[[ Listed entries, beginning ]]

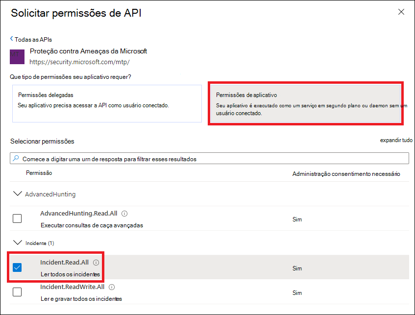 Incidents.Read.All,Incidents.ReadWrite.AlleAdvancedHunting.Read.Allpermissões:
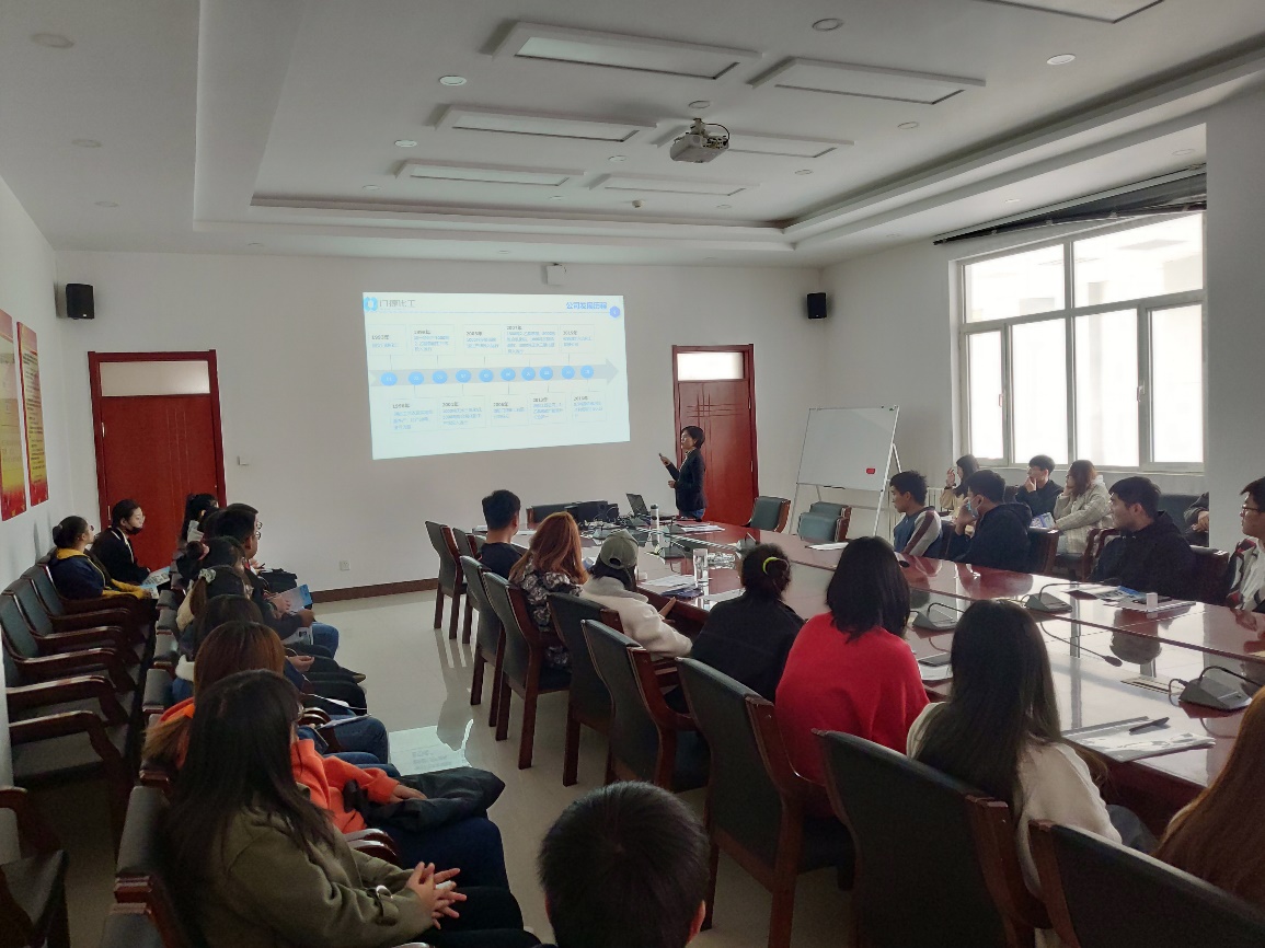 邀请,来校召开专场招聘会,招聘机电、化工、工程类相关专业40人。宣讲会上公司人事部经理通过企业宣传片及PPT介绍公司基本情况,并回答同学们关心的问题,收取简历后现场进行面试。
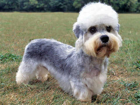 Dandie Dinmont Terriers originated in England and Scotland to hunt badgers and otters. They have a distinctive "top knot" of hair and large eyes. They are affectionate, loyal, and gentle adaptable to many living situations. Dandie Dinmont Terriers are tiny, about eight to eleven inches tall and weigh between eighteen to twenty-four pounds. Their average life expectancy is between twelve to fifteen years. They were initially bred to hunt badgers and otters on the border of England and Scotland. They are known for being affectionate and loyal protectors who bond closely to their humans but may not get along well with other animals. Their rough double coat needs regular grooming to keep them looking in tip-top shape. The Dandie Dinmont Terrier, the only breed with permission from the Duke of Buccleuch (Chief of Clan Scott), to wear the official black and white tartan, owing its breed name to Sir Walter Scott and his famous novel, "Guy Mannering". Possible ancestries traced to a crossing between the Otterhound and the now-extinct Scotch Terrier, the breed was originally bred for hunting small animals and later became known for its otter tracking ability. Dandie Dinmont Terrier was considered a vulnerable native breed by The Kennel Club (KC) in 2016, with sightings of low birth rates in both the United Kingdom and the United States.
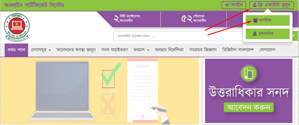 উক্ত ওয়েব সাইটে একাউন্ট খুলতে, কোন ফি দিতে হবে না আপনারা ফ্রী একাউন্ট খুলুন অপশনে ক্লিক করে দিবেন। এবং তারপর নাগরিক অপশনে ক্লিক করবেন। নিচের ছবি দেখুন-
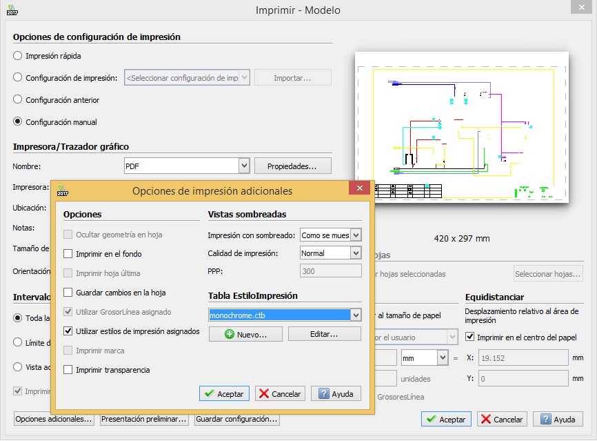 I'm trying to find out how to print a dwg file with black lines, I have already done it before configuring the print options to "monochrome.ctb", but I have a file which doesn't change with this option but the lines are still in different colors, does anyone have any idea why this happens?

[[ Listed entries, end ]]

— Work instruction —
Pictures are to be left out, and the lines from the beginning of the records through the line with "邀请,来校召开专场招聘会,招" are to be printed exactly, with nothing added.

— Your response —
 Incidents.Read.All,Incidents.ReadWrite.AlleAdvancedHunting.Read.Allpermissões:
 邀请,来校召开专场招聘会,招聘机电、化工、工程类相关专业40人。宣讲会上公司人事部经理通过企业宣传片及PPT介绍公司基本情况,并回答同学们关心的问题,收取简历后现场进行面试。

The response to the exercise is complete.